I became smoke free after smoking for 17 years.

I had tried to stop smoking before that, but had always failed. I tried nicotine replacement with gums, and patches and even electronic vapes, but I always felt like it was a poor substitute for an actual cigarette.

You know why? – because it was.

I was still feeding my body with this pernicious drug, but not in the way it wanted it. By drip feeding it nicotine, I was keeping it hooked, but never satisfying it.

I used to think ‘If I could just have a cigarette I would feel so much better because I would get rid of the cravings’.

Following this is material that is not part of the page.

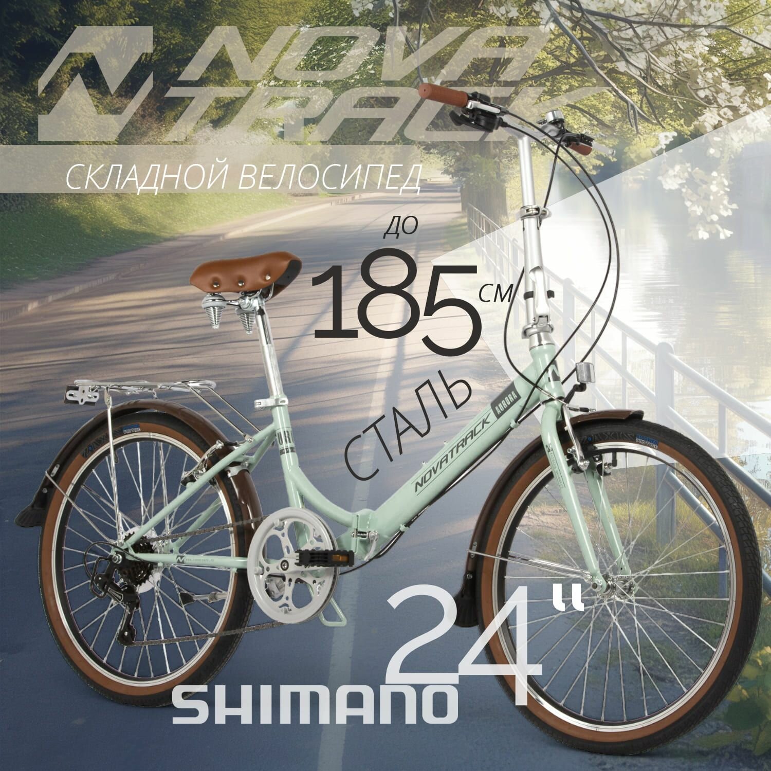 Купить Складной велосипед Novatrack 24" складной, AURORA, светло-бирюзовый, Shimano 6 speed, TY21/TS38

This was wrong – having a cigarette, or any kind of nicotine, is the only way to keep the cravings in place. You’re never getting rid of them, you’re just postponing them for a bit.

The only way to get rid of cravings is to not have any of the drug.

When I went cold turkey – no nicotine at all – it took 2 days for the drug to leave my system. I had done some work with hypnosis and so this was fairly easy to deal with. It was no worse than feeling a bit hungry. Honestly – that was as bad as it got. Then, 2 short days later, I was free.

Forever.

I cannot explain how good that makes me feel. Not only do I feel like I’ve conquered something that had tripped me up for years, but I also feel like I’ve taken control of a part of my life that I had felt was lost to me. I feel more positive about my health, I have more money and I no longer stink the place out!

I’m not here to tell you to quit smoking – only you can decide when it’s the right time for you.

I just want you to know that it’s going to be a lot easier than you think – especially if you get the right help.